# Summer Splits in Tennessee



## TalonRedding (Jul 19, 2013)

The goal is to overwinter some 5 frame nucs this time around. I'll be making the splits here in a few days with three frames (brood, pollen, plenty of bees, and honey). I'm also planning on feeding these nucs to encourage them to draw out two more frames between now and October. Entrances will be buckled down to a very small opening to prevent robbing. Bees are looking strong right now. Large amounts of pollen coming in and some nectar.
Opinions? Suggestions? Tips? Criticisms? Encouragement?.............anyone?


----------



## drlonzo (Apr 15, 2014)

Sounds like a pretty good plan to me.  Are you allowing these nuc's to create their own queens? I'm working on about 30 of these same type of splits myself allowing them to make their own queens and they are doing awesome. Just make sure If you are allowing them to make their own that they actually do and that they get mated propperly and start laying up the place. I've found myself that they won't really start drawing comb heavily till the queen is in the house and she is laying..


----------



## skidmld (Jul 15, 2004)

Robbing has been my biggest problem, the only way I got it stopped was with robbing screens. Cutting down the entrance so only 1 bee could get through didn't help. Build you some robbing screens and put those things on there before you do any thing else. I hope you have good luck


----------



## TalonRedding (Jul 19, 2013)

Actually, I'll be introducing mated and laying queens. Glad to hear yours are doing well.


----------



## angel (Jul 23, 2013)

Good luck on the project. I just got done with two queenless splits and like skidmld stated, robbing is my biggest problem. Also I didn't have a screened bottom board on one of the nucs and didn't want to lock them up too tight due to the heat. Checked nucs today, saw capped brood, larvae and eggs. Nice. Let us know how it goes.


----------



## David LaFerney (Jan 14, 2009)

I also agree with skidmld - robber screens are awful easy to make, and they work. You don't have enough time left to waste on an easily preventable problem.

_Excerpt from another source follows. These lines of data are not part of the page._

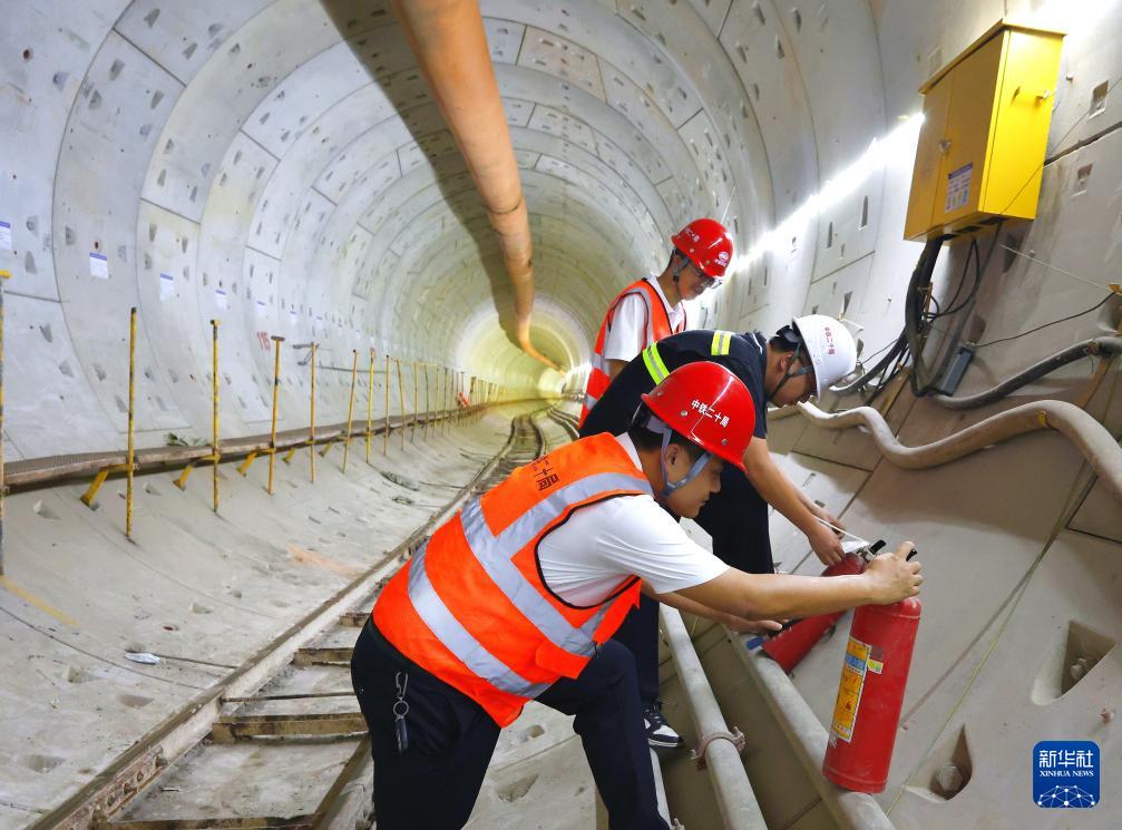 安全監理人員在深圳地鐵16號線共建管廊檢查施工現場的消防設施(9月16日攝)。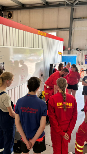 Sowohl feuerwehrtechnische als auch DLRG-relevante Themen wurden behandelt. Unsere JETis lernten, wie man eine Wasserversorgung richtig aufbaut. Zudem erhielt die Jugendfeuerwehr einen Einblick in die Fachbereiche Tauchen und Strömungsrettung.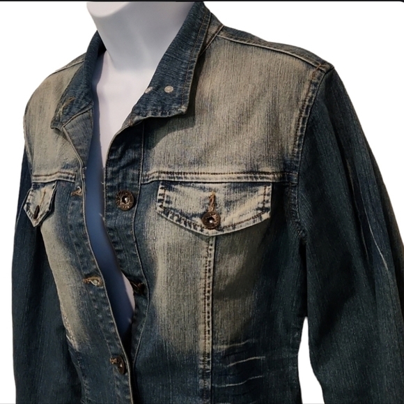 One of a kind skull jean jacket with button front, cuffs and collar. Distressed in just the right places!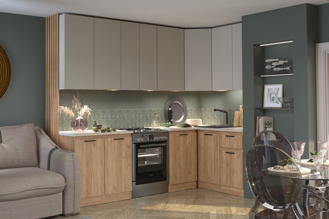 Модульная кухня «Ревилья» - это сочетание стиля, практичности и комфорта. Широкий выбор напольных и навесных модулей различных размеров и конфигураций позволяет легко составить гарнитур под особенности вашего помещения - от компактной кухни до просторного кухонного пространства.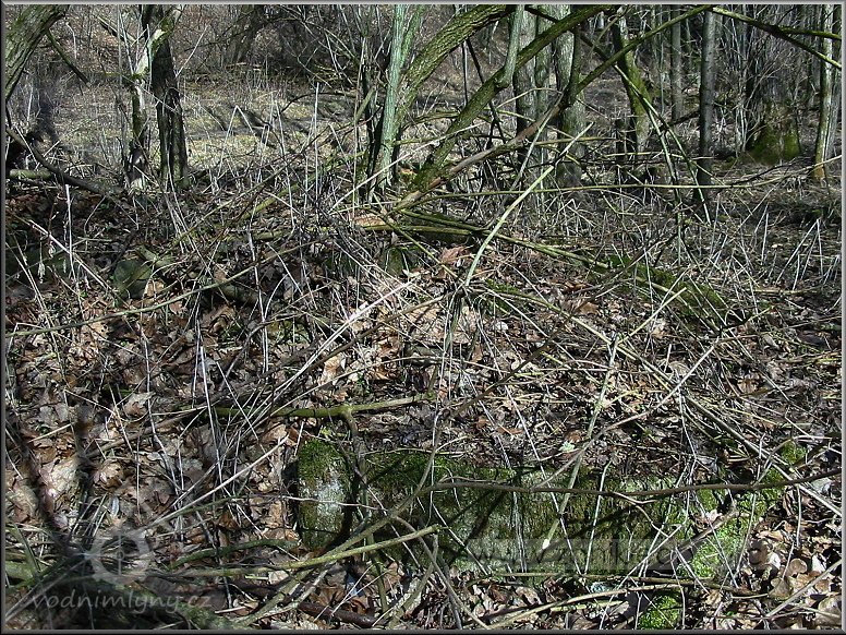 V pozadí patrný náhon, kterým se přiváděla voda do betonového koryta a dále na mlýnici, 03 2012, © Petr Bílek, (Prvky na obrázku: vantroky)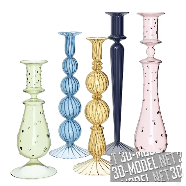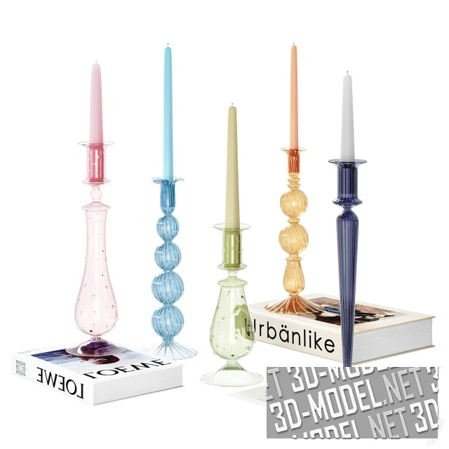 Декоративный набор с цветными свечами, книгами и флаером. Предложено пять вариантов стеклянных подсвечников. У каждого своя форма, цвет и размер.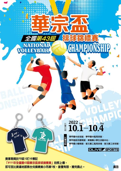 賽事期間於fb或IG打卡標記「#111年全國第43屆華宗盃排球錦標賽」並拍照上傳,即可至比賽場地服務台兌換精美小吊飾1枚,數量有限,贈完為止。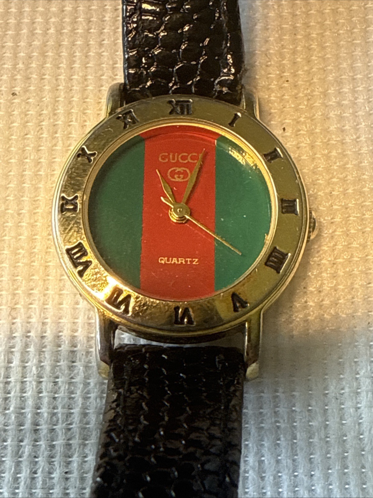 Gucci Watch Ladies Round Shelly Line Gold Quartz Vintage 24 mm Works good New Battery Installed 4/11/25 Please see pictures as they are part of the description

As much rain as we have had so far the chances of a goldenrod flow (and getting a bit more comb built) look pretty decent - so cross your fingers. But I would want to have the nucs full of comb before Sept 1 so that the queens have somewhere to lay. I would consider stealing comb from more established hives at that point if needed, and let The bigger hives build more.

Just be prepared to combine some or rob other hives for resources in case it doesn't go as planned.

Good luck.


----------



## TalonRedding (Jul 19, 2013)

David LaFerney said:


> in case it doesn't go as planned.
> 
> Good luck.


This has actually become my business model.......


----------



## TalonRedding (Jul 19, 2013)

Thanks for the replies and advice folks. Not much resentment, not that I care because I'd still do it anyway . It seems like most would give it a shot, so we will see how it goes!


----------



## WilliamsHoneyBees (Feb 17, 2010)

I overwinter a bunch of nucs and am still making them up. Two frames of brood and thin syrup. I can usually get them to 6 to 8 combs by winter. I double stack the nucs and drill a vent hole in the top box, they do great!


----------



## TalonRedding (Jul 19, 2013)

pine_ridge_farms said:


> I double stack the nucs and drill a vent hole in the top box, they do great!


When you double stack, do you have two queens (one in top and one in bottom)? If that's the case, how do you "separate" the queens? Excluder? One entrance for two boxes or one entrance per box?


----------



## WilliamsHoneyBees (Feb 17, 2010)

1 queen 2 boxes. I super my nucs just like you would a strong hive.


----------



## WilliamsHoneyBees (Feb 17, 2010)




----------



## garusher (May 28, 2012)

this year i am doing the double nucs on a split 10 frame box. 
Last night i went and did a check on the nucs i made up, they were all doing fine except for one.

she had completely filled the bottom four frames with brood, the 4 frame super had the two center frames covered in brood and the two outside frames loaded with honey.

So i stole two frames of brood and pumped up two slower nucs.

I made this nuc maybe 5 weeks ago. it is literally going gangbusters, actually i almost dropped the outside frame. i was not expecting the frame to weigh so much.

Gary.


----------



## j.kuder (Dec 5, 2010)

it seems like this year is the never ending honey flow sour wood is still going so is clover and winged sumac has just started and yesterday i noticed a tall variety of golden rod starting to open






picture taken a couple of weeks ago


----------